About this exercise
Omitting all images, set down every line below exactly as it appears.

Given data START

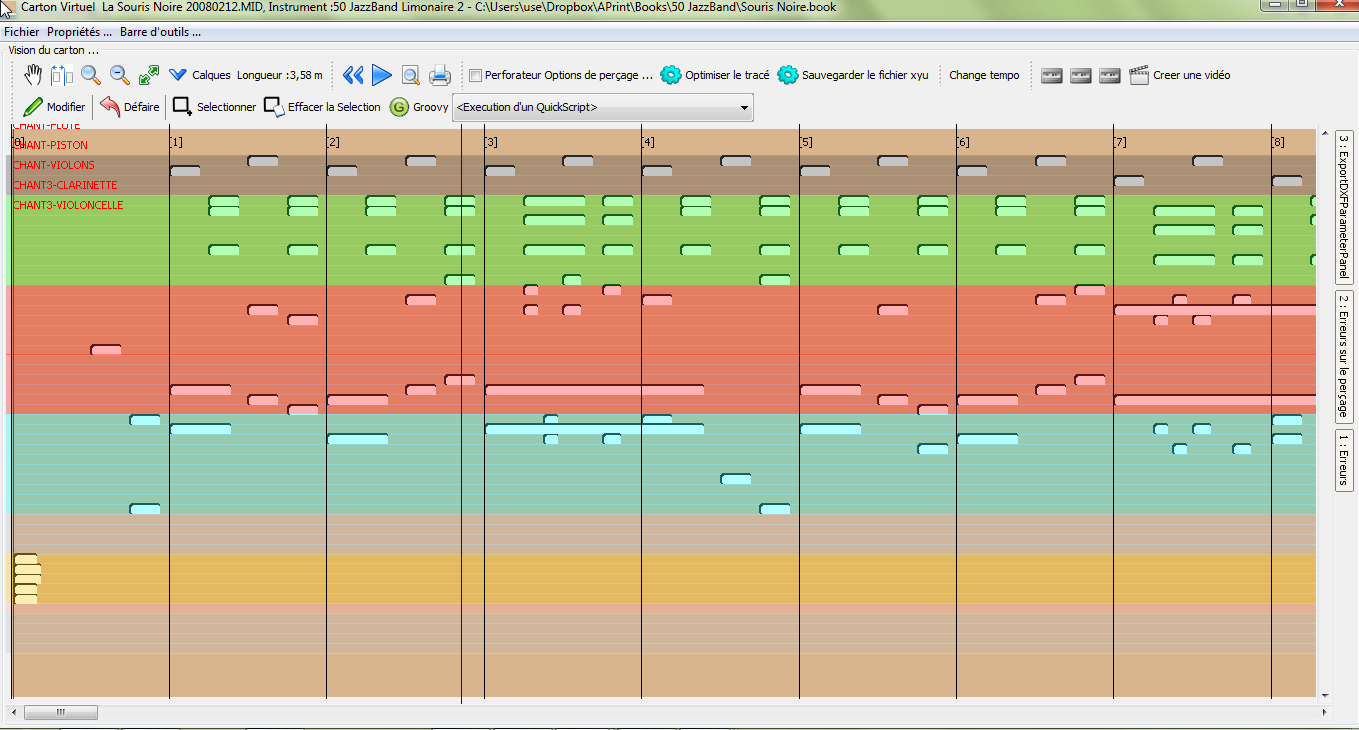 Le resultat de l'adaptation d'un fichier midi en carton, peut être sauvegardé dans un fichier TEXTE (au format XML), suffixé de l'extension .book.
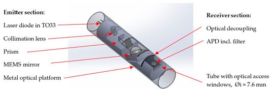 Figure 9. The CAD concept of the optical module, designed around a Øi = 7.6 mm tube with optical access windows, shows the emitter and receiver sections, including the locations of the assembled optical functional devices.
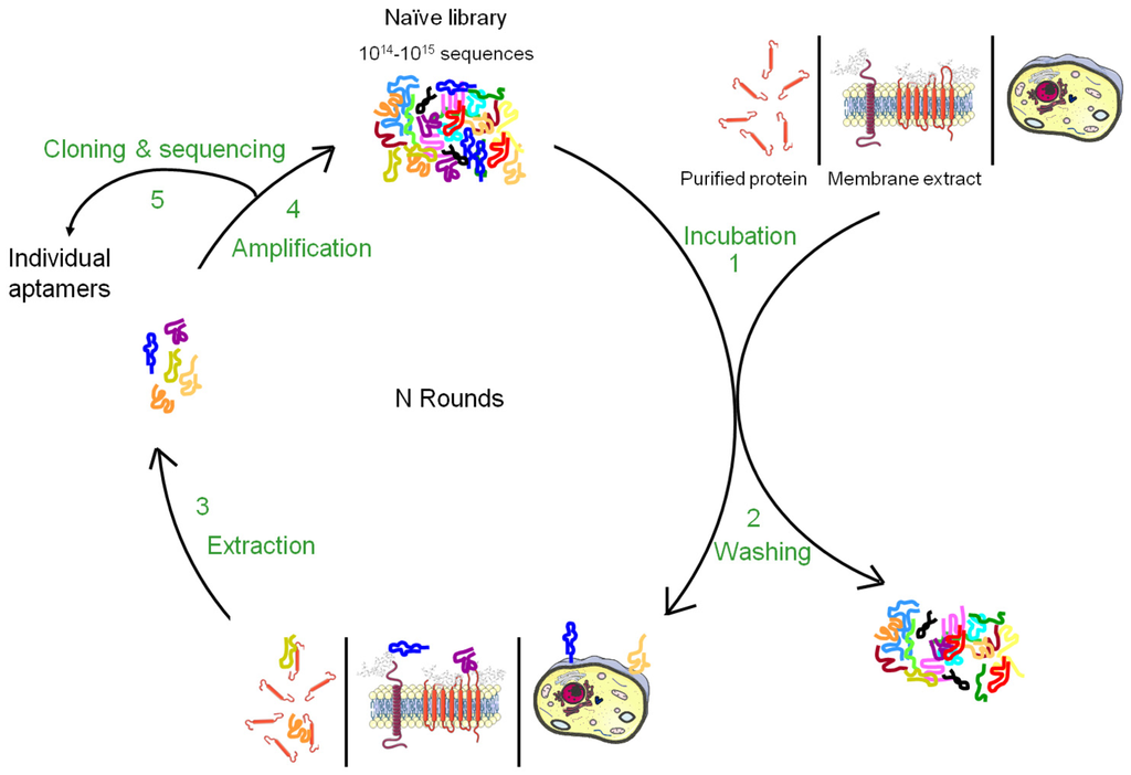 Aptamers recognize the three-dimensional structure of their targets with high specificity and the affinity is often highly dependent on the chosen conditions applied during the selection. It is therefore very important to perform the SELEX against the native conformation of the target and as much as possible in a near natural environment. Such conditions are easily provided for soluble targets but more difficult to achieve for membrane proteins whose structures are inextricably linked to their inclusion in lipidic bi-layers as well as their interaction with the intra- and extracellular matrix. Although several aptamers have been successfully selected against purified cell surface carbohydrates or recombinant ectodomains of membrane proteins, the three-dimensional structure of a purified cell surface biomarker can be rather different from the one found in the context of a plasma membrane. Therefore, aptamers selected against purified domains of membrane proteins are sometimes unable to bind the natural protein expressed at the cell surface. To bypass this drawback, several new methods of SELEX have been developed to allow aptamer selection under conditions as close as possible to the natural situation (Figures 1 and 2). The present review describes the different strategies that have been developed to select aptamers against cell surface biomarkers.

Given data END

Response
 Le resultat de l'adaptation d'un fichier midi en carton, peut être sauvegardé dans un fichier TEXTE (au format XML), suffixé de l'extension .book.
 Figure 9. The CAD concept of the optical module, designed around a Øi = 7.6 mm tube with optical access windows, shows the emitter and receiver sections, including the locations of the assembled optical functional devices.
 Aptamers recognize the three-dimensional structure of their targets with high specificity and the affinity is often highly dependent on the chosen conditions applied during the selection. It is therefore very important to perform the SELEX against the native conformation of the target and as much as possible in a near natural environment. Such conditions are easily provided for soluble targets but more difficult to achieve for membrane proteins whose structures are inextricably linked to their inclusion in lipidic bi-layers as well as their interaction with the intra- and extracellular matrix. Although several aptamers have been successfully selected against purified cell surface carbohydrates or recombinant ectodomains of membrane proteins, the three-dimensional structure of a purified cell surface biomarker can be rather different from the one found in the context of a plasma membrane. Therefore, aptamers selected against purified domains of membrane proteins are sometimes unable to bind the natural protein expressed at the cell surface. To bypass this drawback, several new methods of SELEX have been developed to allow aptamer selection under conditions as close as possible to the natural situation (Figures 1 and 2). The present review describes the different strategies that have been developed to select aptamers against cell surface biomarkers.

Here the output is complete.